**Dataset records**
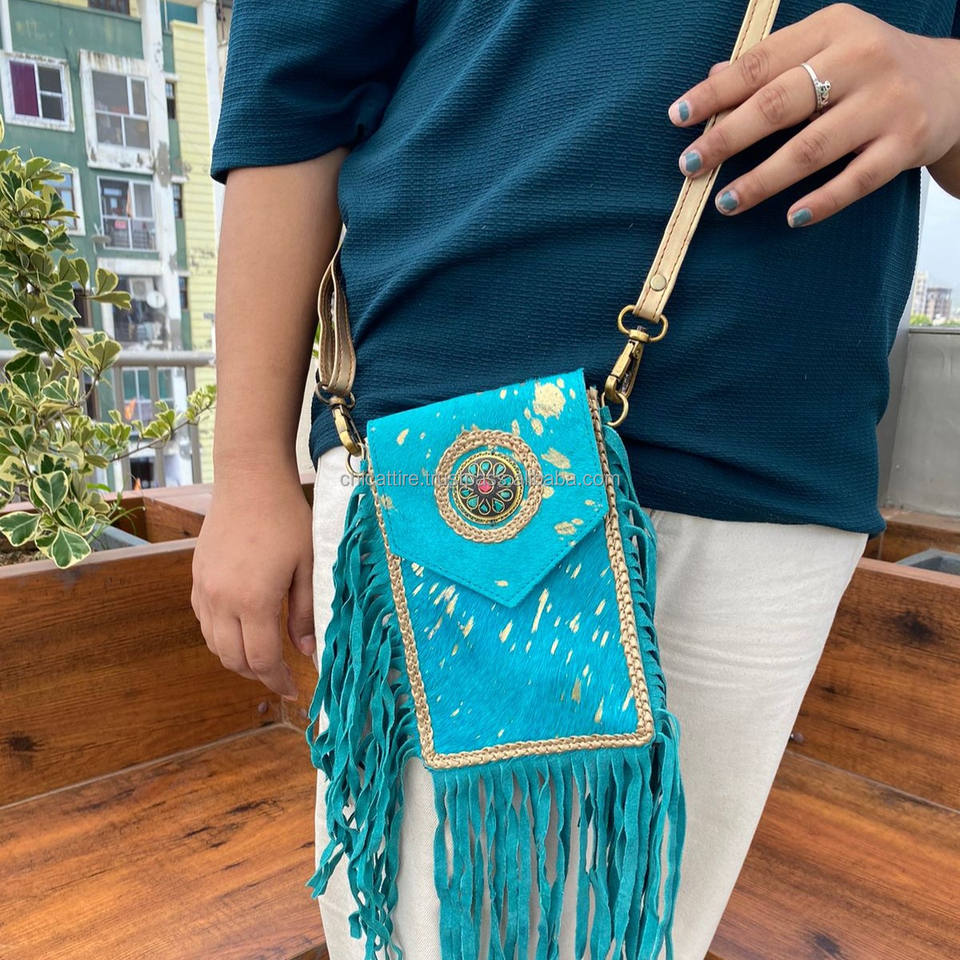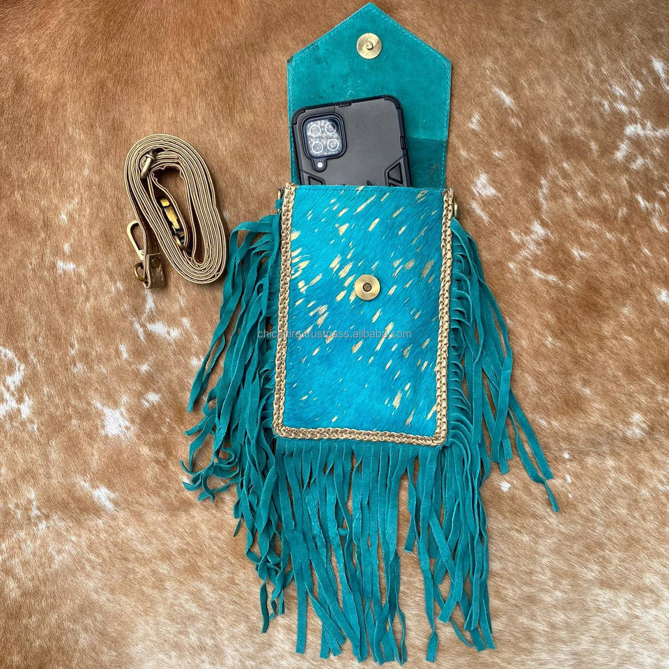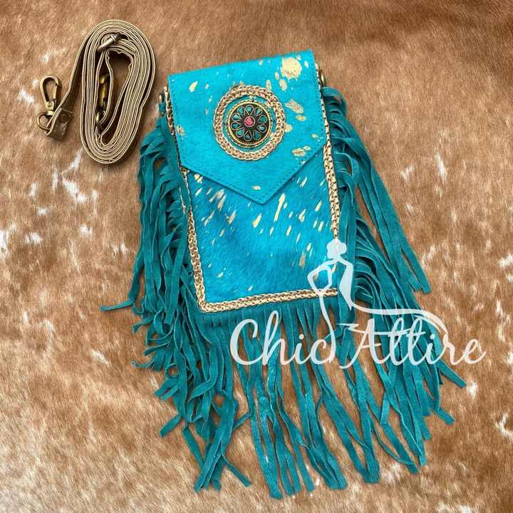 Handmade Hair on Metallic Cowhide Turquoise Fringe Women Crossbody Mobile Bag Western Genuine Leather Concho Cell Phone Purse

---

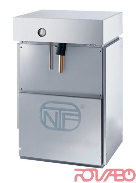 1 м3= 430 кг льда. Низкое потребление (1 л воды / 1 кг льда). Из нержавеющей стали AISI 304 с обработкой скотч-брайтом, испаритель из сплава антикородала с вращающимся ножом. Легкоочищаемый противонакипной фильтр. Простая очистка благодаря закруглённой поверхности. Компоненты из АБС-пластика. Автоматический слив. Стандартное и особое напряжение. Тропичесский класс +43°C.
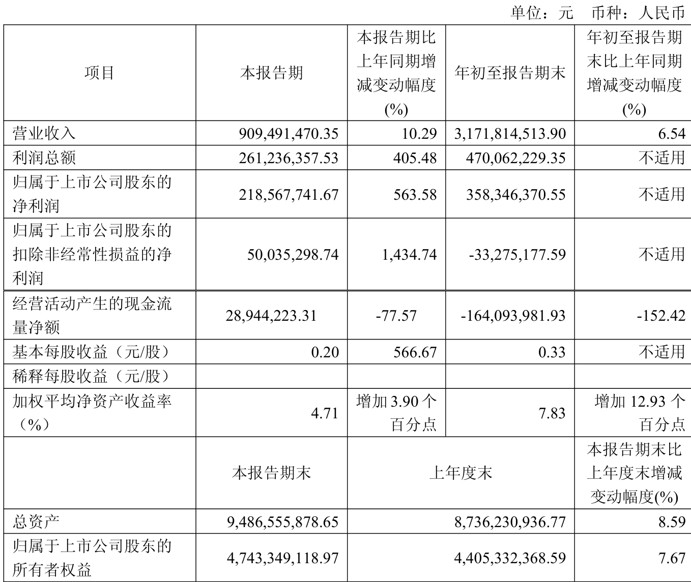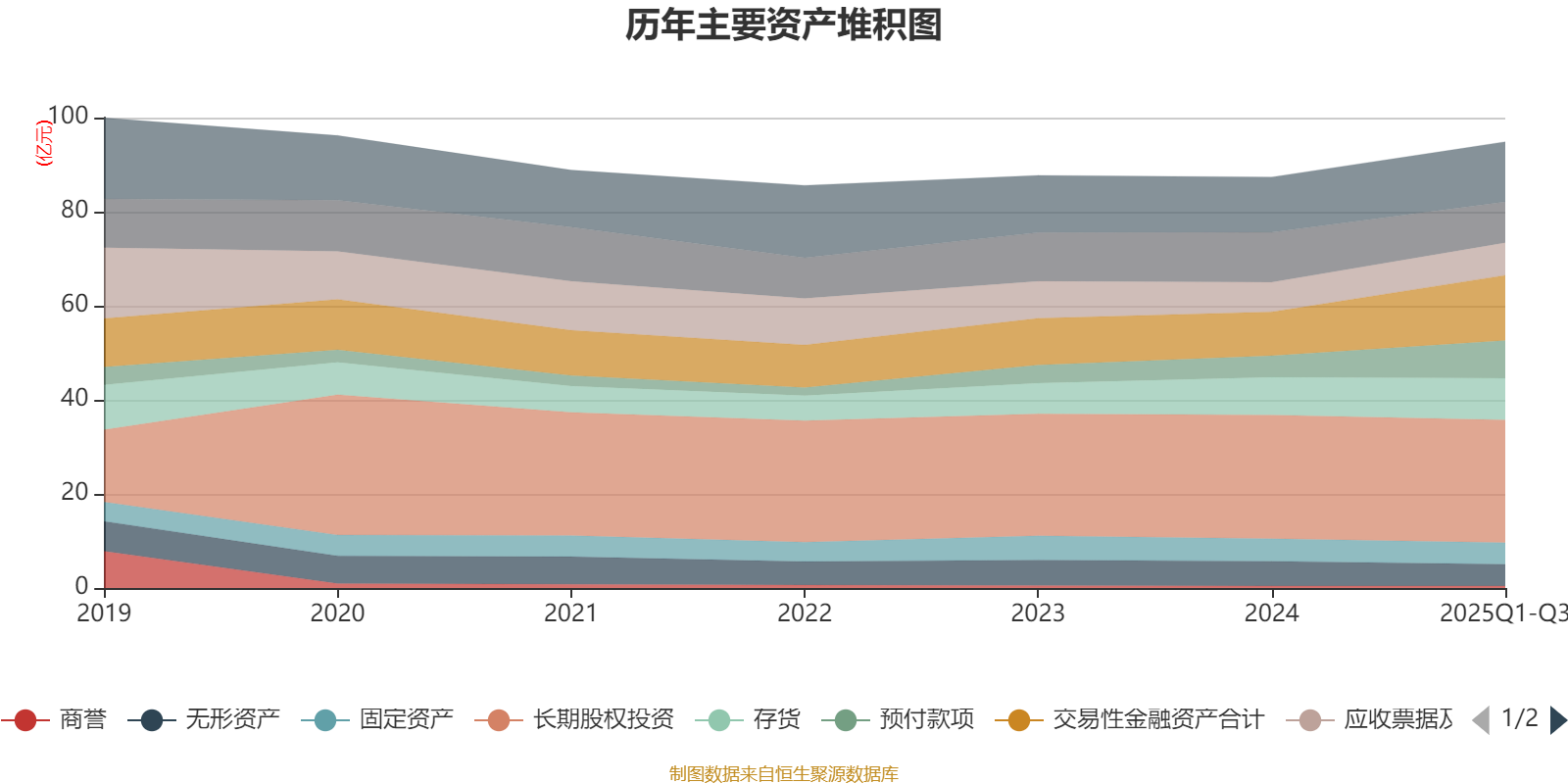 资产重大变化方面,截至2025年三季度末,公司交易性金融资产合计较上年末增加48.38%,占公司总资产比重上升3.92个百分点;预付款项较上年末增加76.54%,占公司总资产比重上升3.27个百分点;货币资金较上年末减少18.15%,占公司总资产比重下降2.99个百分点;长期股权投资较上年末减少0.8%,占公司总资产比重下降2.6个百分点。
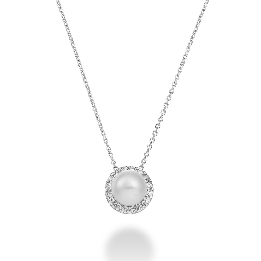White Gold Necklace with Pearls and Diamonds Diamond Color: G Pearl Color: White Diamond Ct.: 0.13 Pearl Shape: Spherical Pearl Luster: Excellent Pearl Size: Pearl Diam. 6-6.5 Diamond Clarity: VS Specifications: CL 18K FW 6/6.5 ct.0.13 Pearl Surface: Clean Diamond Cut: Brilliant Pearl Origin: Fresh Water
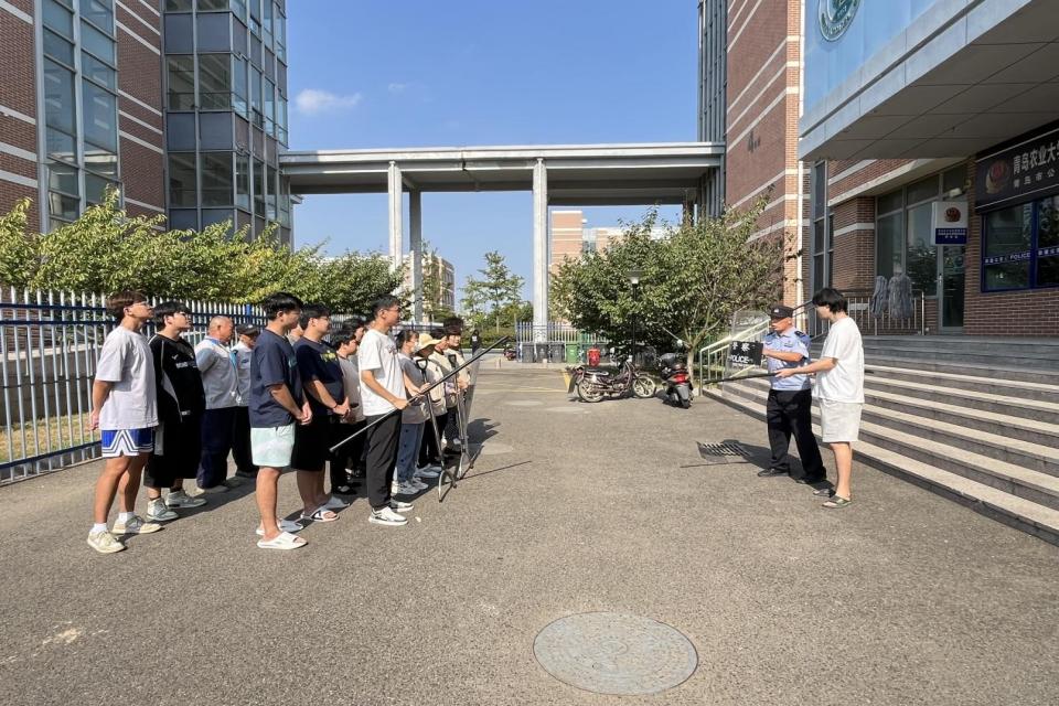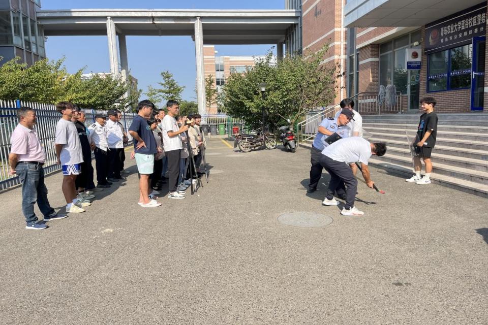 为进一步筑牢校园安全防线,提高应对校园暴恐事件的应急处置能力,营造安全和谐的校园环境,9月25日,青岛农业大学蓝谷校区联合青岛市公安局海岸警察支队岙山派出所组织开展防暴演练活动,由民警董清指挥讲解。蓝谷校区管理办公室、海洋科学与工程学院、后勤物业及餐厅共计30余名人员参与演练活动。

**Task statement**
The lines above from the line with "1 м3= 430 кг" through the line with "为进一步筑牢校园安全防线,提" are to be given again word for word, with no pictures among them.

**Output of the exercise**
 1 м3= 430 кг льда. Низкое потребление (1 л воды / 1 кг льда). Из нержавеющей стали AISI 304 с обработкой скотч-брайтом, испаритель из сплава антикородала с вращающимся ножом. Легкоочищаемый противонакипной фильтр. Простая очистка благодаря закруглённой поверхности. Компоненты из АБС-пластика. Автоматический слив. Стандартное и особое напряжение. Тропичесский класс +43°C.
 资产重大变化方面,截至2025年三季度末,公司交易性金融资产合计较上年末增加48.38%,占公司总资产比重上升3.92个百分点;预付款项较上年末增加76.54%,占公司总资产比重上升3.27个百分点;货币资金较上年末减少18.15%,占公司总资产比重下降2.99个百分点;长期股权投资较上年末减少0.8%,占公司总资产比重下降2.6个百分点。
White Gold Necklace with Pearls and Diamonds Diamond Color: G Pearl Color: White Diamond Ct.: 0.13 Pearl Shape: Spherical Pearl Luster: Excellent Pearl Size: Pearl Diam. 6-6.5 Diamond Clarity: VS Specifications: CL 18K FW 6/6.5 ct.0.13 Pearl Surface: Clean Diamond Cut: Brilliant Pearl Origin: Fresh Water
 为进一步筑牢校园安全防线,提高应对校园暴恐事件的应急处置能力,营造安全和谐的校园环境,9月25日,青岛农业大学蓝谷校区联合青岛市公安局海岸警察支队岙山派出所组织开展防暴演练活动,由民警董清指挥讲解。蓝谷校区管理办公室、海洋科学与工程学院、后勤物业及餐厅共计30余名人员参与演练活动。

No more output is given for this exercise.